= TASK PROMPT =
The answer should be every line below, repeated exactly, with the images left out.

= EXERCISE DATA =
▼

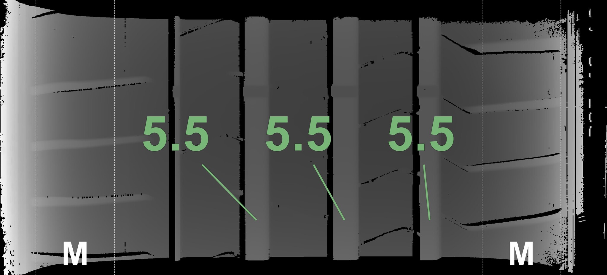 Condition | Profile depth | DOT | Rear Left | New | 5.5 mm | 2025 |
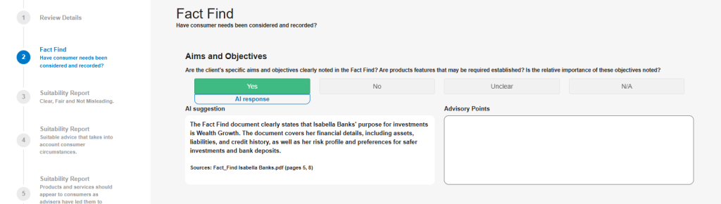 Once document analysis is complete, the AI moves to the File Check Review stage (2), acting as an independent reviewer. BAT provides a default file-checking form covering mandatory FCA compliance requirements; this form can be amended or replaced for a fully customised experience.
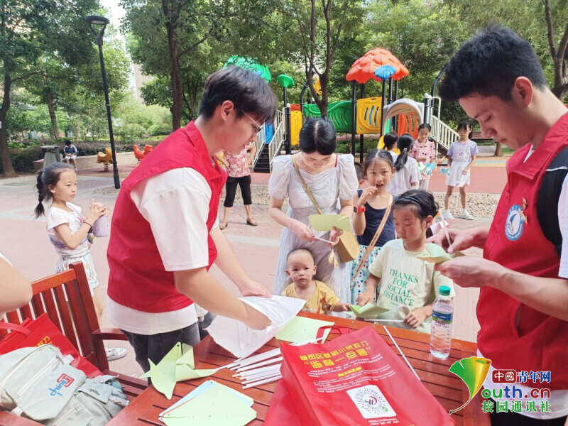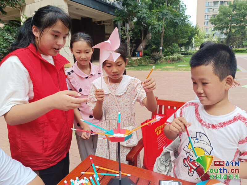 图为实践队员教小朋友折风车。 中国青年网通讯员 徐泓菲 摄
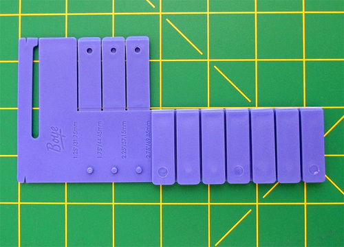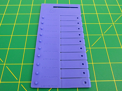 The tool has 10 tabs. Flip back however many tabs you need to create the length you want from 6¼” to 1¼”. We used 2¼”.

▲

= ANSWER FOR THE TASK =
 Condition | Profile depth | DOT | Rear Left | New | 5.5 mm | 2025 |
 Once document analysis is complete, the AI moves to the File Check Review stage (2), acting as an independent reviewer. BAT provides a default file-checking form covering mandatory FCA compliance requirements; this form can be amended or replaced for a fully customised experience.
 图为实践队员教小朋友折风车。 中国青年网通讯员 徐泓菲 摄
 The tool has 10 tabs. Flip back however many tabs you need to create the length you want from 6¼” to 1¼”. We used 2¼”.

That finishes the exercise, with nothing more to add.